FSNet: Compression of Deep Convolutional Neural Networks by Filter Summary

Yingzhen Yang,Jiahui Yu,Nebojsa Jojic,Jun Huan,Thomas S. Huang
DOI: https://doi.org/10.48550/arXiv.1902.03264
2020-04-10
Abstract:We present a novel method of compression of deep Convolutional Neural Networks (CNNs) by weight sharing through a new representation of convolutional filters. The proposed method reduces the number of parameters of each convolutional layer by learning a 1D vector termed Filter Summary (FS). The convolutional filters are located in FS as overlapping 1D segments, and nearby filters in FS share weights in their overlapping regions in a natural way. The resultant neural network based on such weight sharing scheme, termed Filter Summary CNNs or FSNet, has a FS in each convolution layer instead of a set of independent filters in the conventional convolution layer. FSNet has the same architecture as that of the baseline CNN to be compressed, and each convolution layer of FSNet has the same number of filters from FS as that of the basline CNN in the forward process. With compelling computational acceleration ratio, the parameter space of FSNet is much smaller than that of the baseline CNN. In addition, FSNet is quantization friendly. FSNet with weight quantization leads to even higher compression ratio without noticeable performance loss. We further propose Differentiable FSNet where the way filters share weights is learned in a differentiable and end-to-end manner.
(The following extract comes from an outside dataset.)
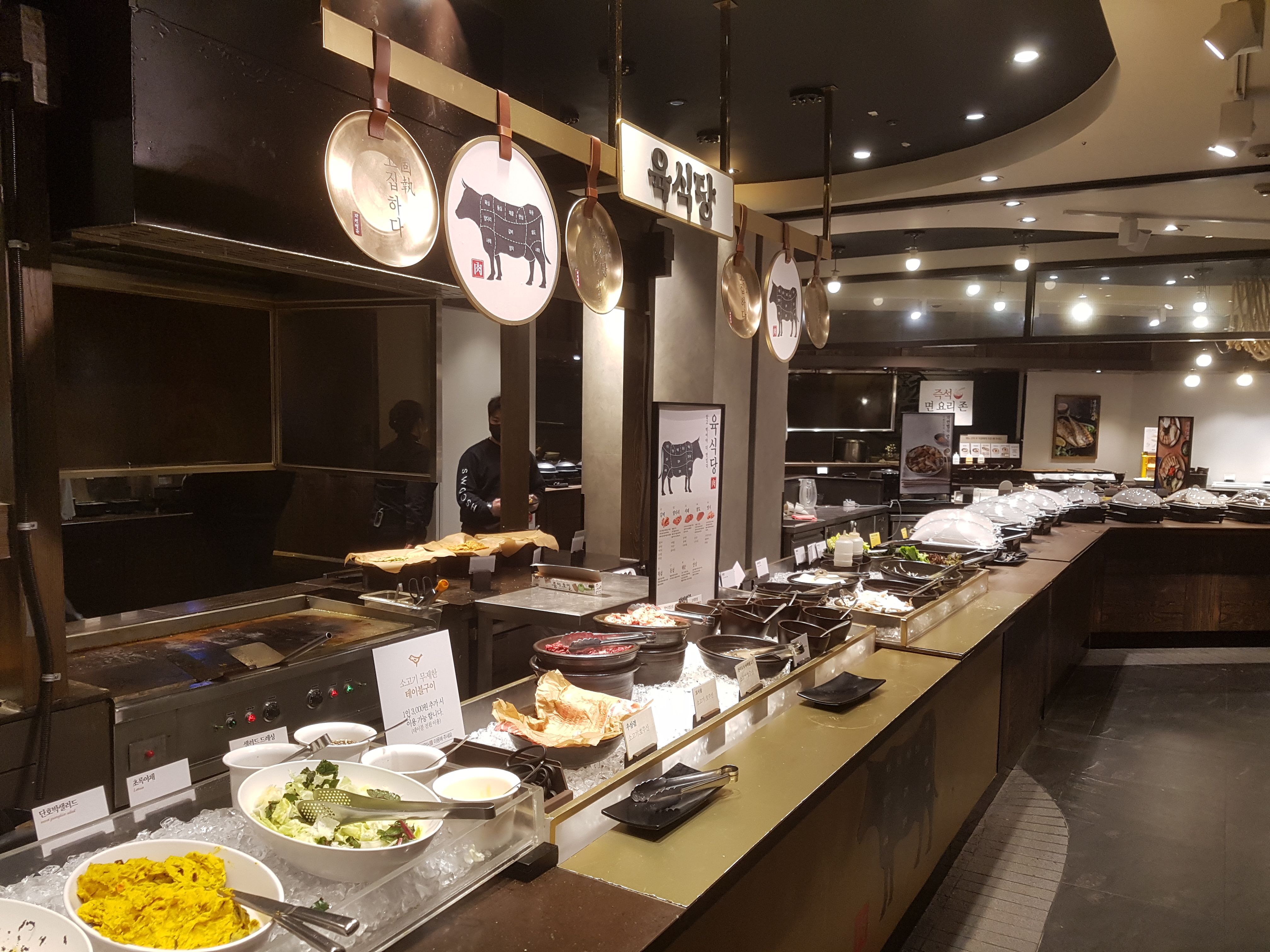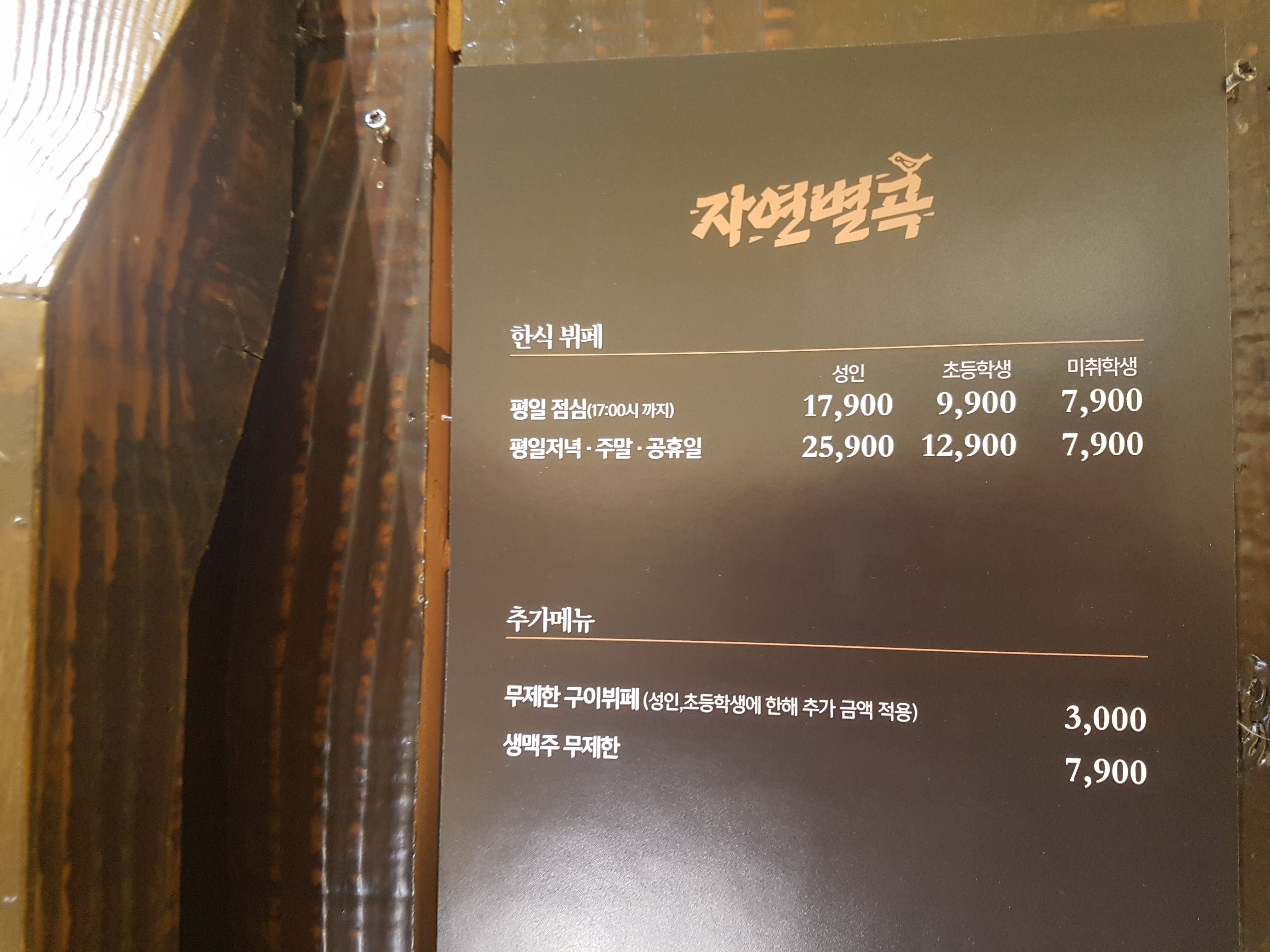 자연별곡은 한식뷔페 레스토랑인데 테이블구이 1인당 3천원만 추가하면 무제한으로 소고기를 먹을 수 있다는 장점이 있다.

Experiments demonstrate the effectiveness of FSNet in compression of CNNs for computer vision tasks including image classification and object detection, and the effectiveness of DFSNet is evidenced by the task of Neural Architecture Search.
Machine Learning,Artificial Intelligence
What problem does this paper attempt to address?
The problem that this paper attempts to solve is the excessive number of parameters and the overly high computational complexity in deep convolutional neural networks (CNNs). Specifically, due to the large number of parameters, traditional CNN models are difficult to deploy on mobile devices or other platforms with limited storage resources, and the computational cost is high during the inference process. In addition, the large parameter space also prompts researchers to explore regularization methods to prevent over - fitting. To solve these problems, the author proposes a new method for compressing CNNs, that is, achieving weight sharing through Filter Summary (FS). This method reduces the number of parameters in each convolutional layer by learning a one - dimensional vector FS to represent the filters in the convolutional layer. Convolutional filters exist in FS in the form of overlapping one - dimensional segments, and adjacent filters naturally share weights. The neural network constructed based on this weight - sharing scheme is called Filter Summary CNNs or FSNet. ### Specific Objectives: 1. **Reduce the Number of Parameters**: By introducing Filter Summary (FS), the filters in the convolutional layer can share weights, thereby significantly reducing the number of parameters in the model. 2. **Accelerate Computation**: Propose the fast convolution algorithm Fast Convolution by Filter Summary (FCFS), which takes advantage of the overlapping structure of filters in FS to avoid unnecessary repeated calculations and improve the speed of convolution operations. 3. **Quantization - Friendly**: FSNet is friendly to quantization, further improving the compression ratio while maintaining high performance. 4. **End - to - End Differentiable**: Propose Differentiable FSNet (DFSNet), in which the way filters share weights can be learned in an end - to - end manner, thereby finding a better weight - sharing pattern. Through these improvements, FSNet can not only significantly reduce the model size while maintaining a high accuracy rate, but also effectively accelerate the inference process, and is especially suitable for scenarios requiring efficient deployment.